Roderick Ramage, solicitor, www.law-office.co.uk
published by distribution to professional contacts 1 January 2021)
This article is not advice to any
person and may not be taken as a definitive statement of the law in general or
in any particular case. The author does
not accept any responsibility for anything that any person does or does not do
as a result of reading it.
The Transfer of Undertakings (Protection of Employment) Regulations 2006, SI
2006/246 (TUPE) provides the only context in which Beckmann
rights matter. The question, to which
answers remain as unclear as ever, now is whether they are still important. The relevant provisions of TUPE are
regulations 3, 4 and 10. In the absence
of a binding court decision, it is likely that ‘employee’ as defined in TUPE
There are one or possibly two questions to
determine whether pension rights are or are not excluded from the automatic
transfer of a transferring employee’s contract of employment.
first Is the
pension scheme in which the transferring employee has rights an occupational
pension scheme as defined in the Pension Schemes Act 1993, s1? If the answer is ‘No’, the pension rights
pass under TUPE, and the second question need not be asked.
secondly If the
answer to the first question is ‘Yes’, do the rights consist of or include
rights ‘which do not relate to
benefits for old age, invalidity or survivors’? If the
answer is ‘No’, the pension rights are excluded from the transfer, but if the
answer is ‘Yes’, those rights, which are commonly called Beckmann rights, pass
The importance of Beckmann rights is that they
might be of significant value, but no assets are transferred to fund them, and therefore
they must be financed by the transferee.
Beckmann rights take their name from the ECJ
decision in Beckmann v Dynamco Whicheloe
Macfarlane Ltd  IRLR 578 (ECJ). The most common example is that, usually
in public sector but sometimes in paternalistic private sector final salary (or
other defined benefit) schemes, a member
is entitled to an early retirement pension, which is not reduced actuarially
for early payment, if his or her employment is terminated on the grounds of
redundancy or business efficiency.
Beckmann had been employed by the NHS and her employment was transferred to DWM
under TUPE. When DWM dismissed her for
redundancy it refused to pay her the early retirement pension, lump sum and
other benefits to which she would have been entitled under the NHS scheme on
the grounds that those benefits were excluded from TUPE. The ECJ held that:
retirement benefits and benefits intended to enhance the conditions of such
retirement, paid in the event of dismissal to employees who have reached a
certain age, such as the benefits at issue in the main proceedings, are not
old-age, invalidity or survivors' benefits … within the meaning of Article 3(3)
of Council Directive 77/187/EEC ….
The extent of the Beckmann rights is still
unclear, but the old age exemption is, according to the later ECJ case of
Martin v South Bank University case  IRLR 74 (ECJ), limited to
... only benefits paid from the time when an employee reaches the end
of his normal working life as laid down by the general structure of the pension
scheme in question ...
Both Beckmann and South bank concerned public
sector pension schemes.

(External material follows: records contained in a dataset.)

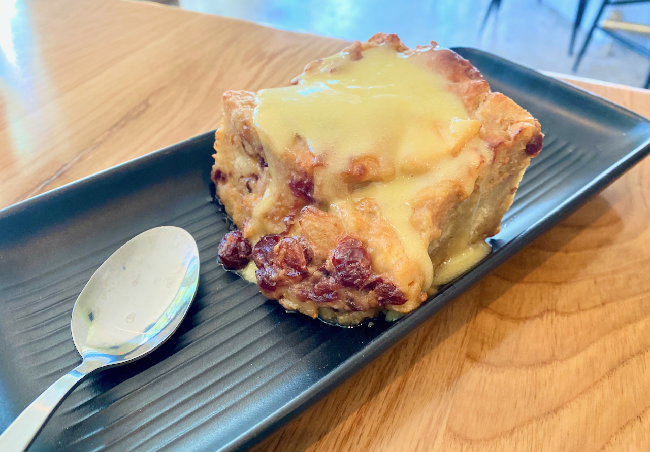 And since we ordered a salad, we deserved to finish off the meal with a well-sauced bread pudding made with bourbon, pears and tangy cranberries.
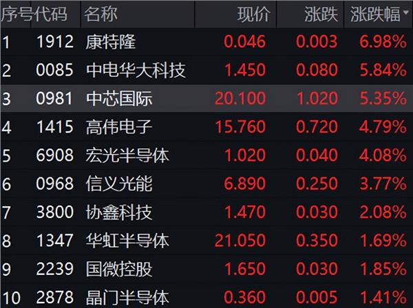港股市场上,半导体概念同样走高,中芯国际涨超6%,康特隆、高伟电子、信义光能、协鑫科技、华虹半导体等涨幅居前。
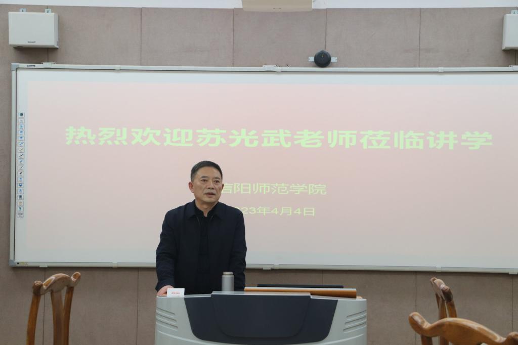 为进一步传承和弘扬中华民族优秀传统文化,培养大学生对书法的兴趣,修身养性、陶冶情操,不断提升美学修养。4月4日下午,应学校学生工作部(处)与best365英国体育在线的邀请,中国书协会员、信阳市书协副主席苏光武老师莅临best365英国体育在线,开展了题为《书法审美与修身养性》的讲座,学校大学生心理健康教育中心主任、学生工作处副处长李贵杰,学院党委副书记王艳蕊、副院长李文田以及部分学生参加讲座交流。
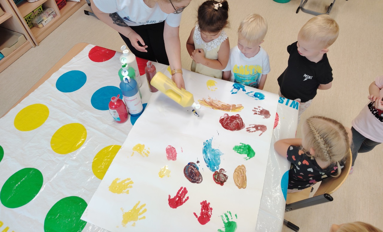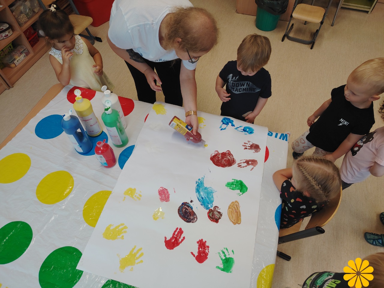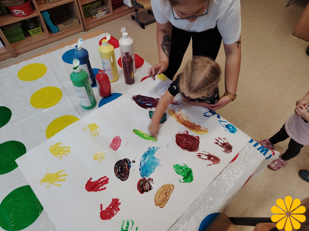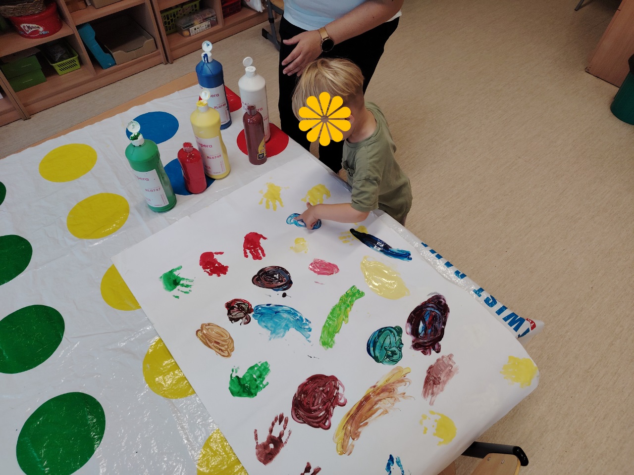 W ostatnim tygodniu podczas zabawy farbami krasnoludki odkrywały co się stanie jak połączymy swoje ulubione kolory. Testowaliśmy jaka w dotyku jest farba, czy ilość farby ma znaczenie oraz jak długo schnie praca. Wszyscy mieliśmy dużo dobrej zabawy.
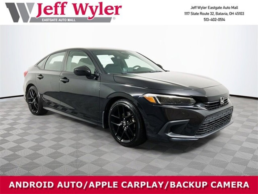 Jeff Wyler Eastgate Auto Mall is pleased to offer this terrific-looking 2023 Honda Civic Sport in Black. Well equipped with: 4-Wheel Disc Brakes, 8 Speakers, ABS brakes, Adaptive Cruise Control: Adaptive Cruise Control (ACC) with Low-Speed Follow, Air Conditioning, Alloy wheels, AM/FM radio, Apple CarPlay/Android Auto, Auto High-beam Headlights, Automatic temperature control, Brake assist, Bumpers: body-color, Cloth Seat Trim, Delay-off headlights, Driver door bin, Driver vanity mirror, Dual front impact airbags, Dual front side impact airbags, Electronic Stability Control, Emergency communication system: HondaLink, Exterior Parking Camera Rear, Four wheel independent suspension, Front anti-roll bar, Front Bucket Seats, Front Center Armrest, Front reading lights, Fully automatic headlights, Illuminated entry, Knee airbag, Leather Shift Knob, Leather steering wheel, Low tire pressure warning, Occupant sensing airbag, Outside temperature display, Overhead airbag, Panic alarm, Passenger door bin, Passenger vanity mirror, Power door mirrors, Power steering, Power windows, Radio data system, Radio: 180-Watt Audio System w/8 Speakers, Rear anti-roll bar, Rear side impact airbag, Rear window defroster, Remote keyless entry, Security system, Speed control, Speed-sensing steering, Steering wheel mounted audio controls, Tachometer, Telescoping steering wheel, Tilt steering wheel, Traction control, Trip computer, and Wheels: 18 Gloss Black Alloy. CARFAX One-Owner. Ask about available certifications. Used vehicles 10 years of age or newer with less than 100,000 miles are eligible for the Wyler Assurance Program, but eligible vehicles must pass our reconditioning process and multi-point inspection. Provided the vehicle passes inspection, vehicles will be eligible for the 6 month/6,000 mile limited warranty. The 6 month/6,000 mile limited warranty is NOT available on AS-IS vehicles, wholesale vehicles, lease buyback/pass-thru vehicles or un-inspected vehicles. Note that this program can also apply to vehicles where the remaining factory coverage is less than 6 months or 6,000 miles. Please check the Federal Trade Commission (FTC) Buyers guide on the vehicle for full details as to whether or not warranty coverage may apply. Contact Dealer for additional details. The Wyler Assurance 6 month/6,000 Mile limited warranty ends 6 months from the date of the Retail Purchase Agreement (BUYERS ORDER) or when the vehicle's odometer registers 6,000 additional miles to the mileage listed on the BUYERS ORDER, whichever comes first. Your Deductible - The warranty holder on your contract pays the first $100 of each covered repair.
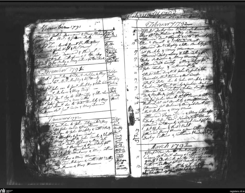 Kilmurry; County of Cork; Diocese of Cork and Ross. Baptisms, Marriages, Nov. 1791 to Mar. 1792
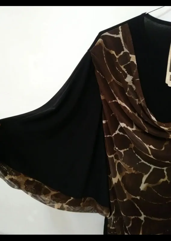 سلام. خریدار محترم و عزیز لباس مجلسی اکبند هست فقط نهایت یه ساعت. در یه مجلس استفاده شده و برا همین اتیکت هنوز روشه. جنس خود لباس ریون و جنس رویه ی لباس توری هست. تنخوری و جنس بسیار عالی. قد لباس از شانه حدودی 74 سانت. دور کمر 46 سانت. من سایز 42 زدم ولی کشی هست. برا 44 هم راحت انازه میشه. برا 48 هم اندازه میشه شاید چسبان باشه. استیناش تا ارنج میرسن و حالت خفاشی دارن.

The case of Procter
& Gamble v Svenska Cellulosa
 EWHC 1257 (Ch), in which members had a right to
retire early with the employer’s consent, confirmed that the principles apply
also to private sector schemes and decided that a transferring employee’s right
to apply for early retirement and to have the application considered in good
faith was a right which transferred under TUPE.

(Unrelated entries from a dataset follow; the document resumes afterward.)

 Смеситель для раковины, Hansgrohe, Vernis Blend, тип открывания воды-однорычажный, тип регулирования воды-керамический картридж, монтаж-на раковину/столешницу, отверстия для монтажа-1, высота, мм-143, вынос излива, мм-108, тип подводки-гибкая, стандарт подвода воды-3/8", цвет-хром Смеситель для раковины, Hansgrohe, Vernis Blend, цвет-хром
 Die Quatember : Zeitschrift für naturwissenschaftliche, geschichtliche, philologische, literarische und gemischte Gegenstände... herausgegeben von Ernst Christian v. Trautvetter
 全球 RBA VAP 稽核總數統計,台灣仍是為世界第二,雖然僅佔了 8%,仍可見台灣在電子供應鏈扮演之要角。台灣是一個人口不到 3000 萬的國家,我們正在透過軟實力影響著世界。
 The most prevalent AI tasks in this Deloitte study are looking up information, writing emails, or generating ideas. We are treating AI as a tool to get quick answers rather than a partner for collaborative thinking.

Apart from Procter & Gamble there are no
reported decisions how the Beckmann liability is to be calculated. In this case the parties had agreed an
adjustment of the purchase price according to whether or not whether certain
pension liabilities transferred under TUPE.

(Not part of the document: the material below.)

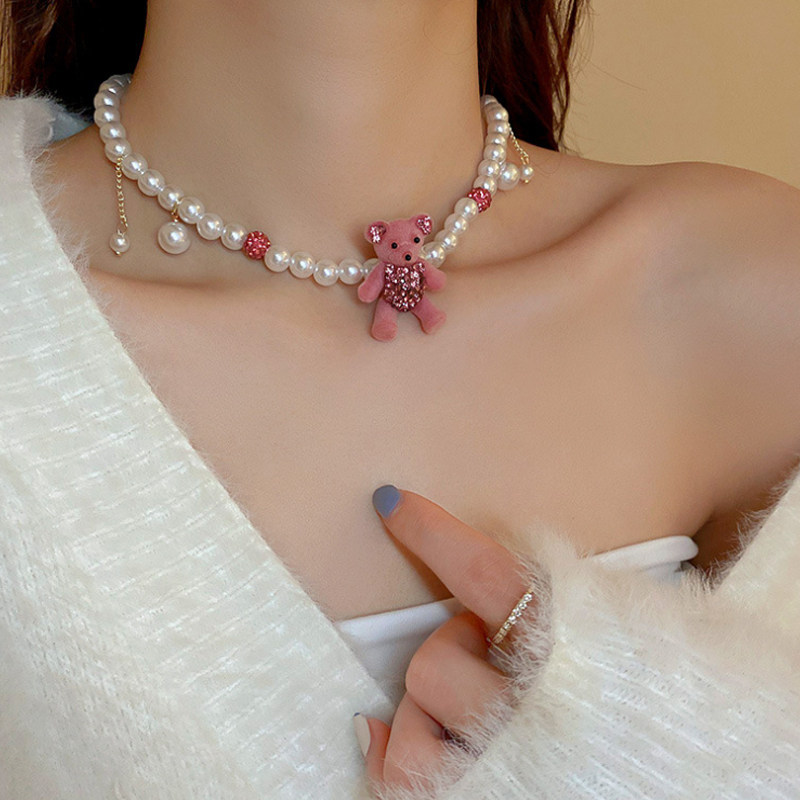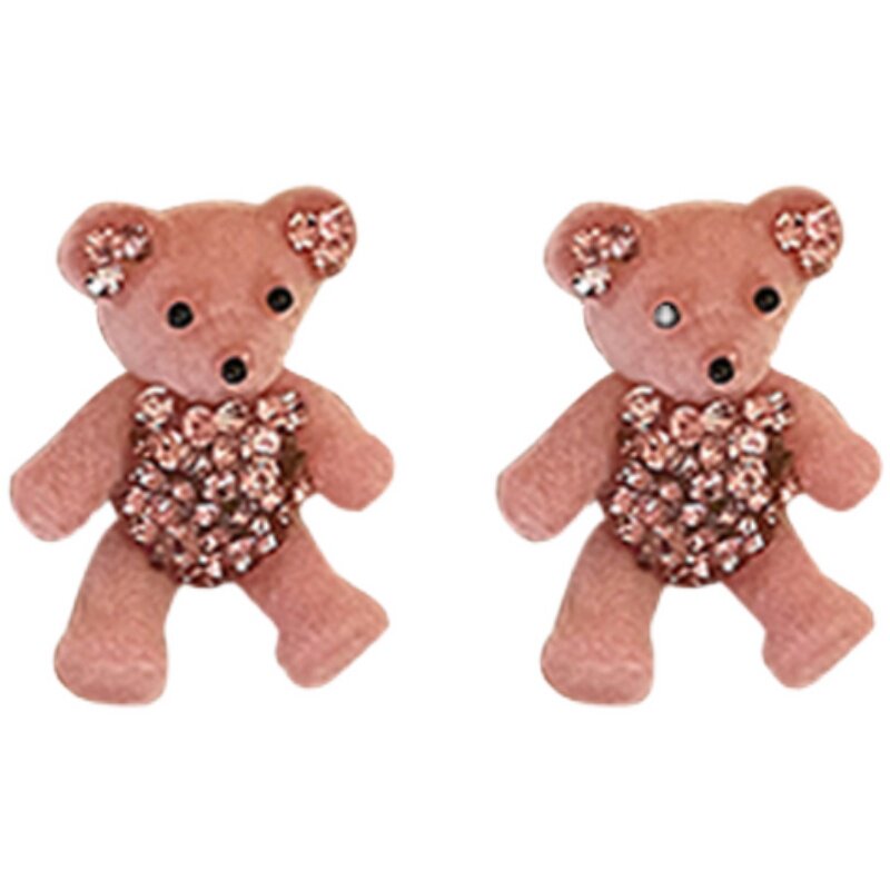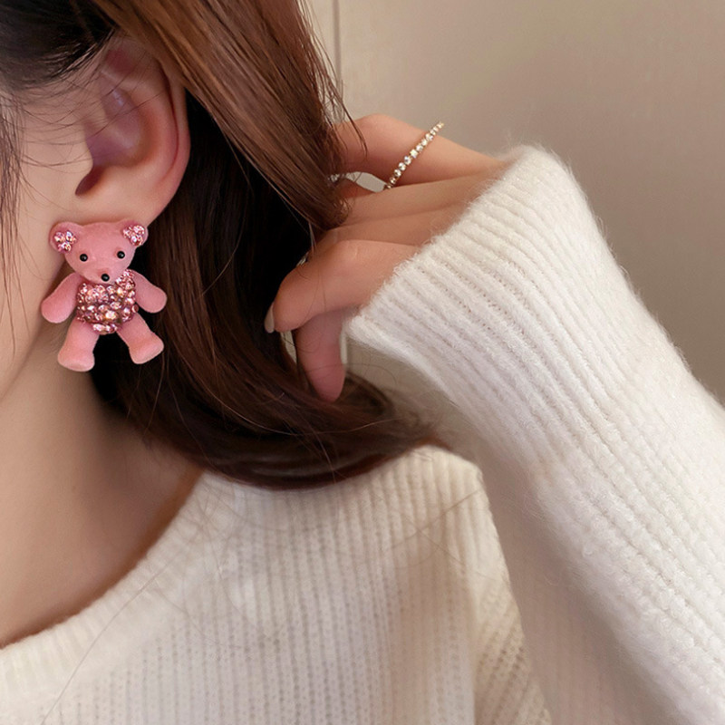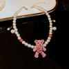 韩国镶钻植绒小熊项链耳环卡通粉色少女心甜美耳钉耳饰女

The court decided that the transferee was liable for only the enhancements
to the member’s benefits and not the benefits from his or her normal pension
age, so the member does not benefit from the windfall of both the benefits as
enhanced and the benefits payable by the scheme from his or her normal pension
There is also a determination of the Pensions
Ombudsman in Hunter v Atos (81760/2) on 28 October 2011 that the complainant,
who had the right to only a deferred pension in his former employer’s pension
scheme, did not have any Beckmann rights.
In this case the rights in issue were rights of contributing members on
leaving employment. Determinations of the Pensions Ombudsman are not precedent binding on
the courts, and therefore cautious transferees and their advisers might wait
until the point is decide by the courts or at least it is explored further in
legal commentary. Nevertheless determinations by the Ombudsman might be useful as guidance, even if only
as a reminder to check whether the enhanced rights are available to members
with deferred rights.
10 Beckmann rights can be derived from not only the transferor’s scheme,
but the scheme(s) of previous employers, if any of the transferring employees had acquired Beckmann rights in earlier employment and
brought the rights with them on previous TUPE transfers.
11 Transferees still need to either (a) examine the rules of occupational
pension schemes, in which the transferring employees have accrued benefits and
to require appropriate warranties by the transferor and either indemnities or
adjustments to the price to reflect the amount of any Beckmann liabilities or
(b) take a deep breath and chance it.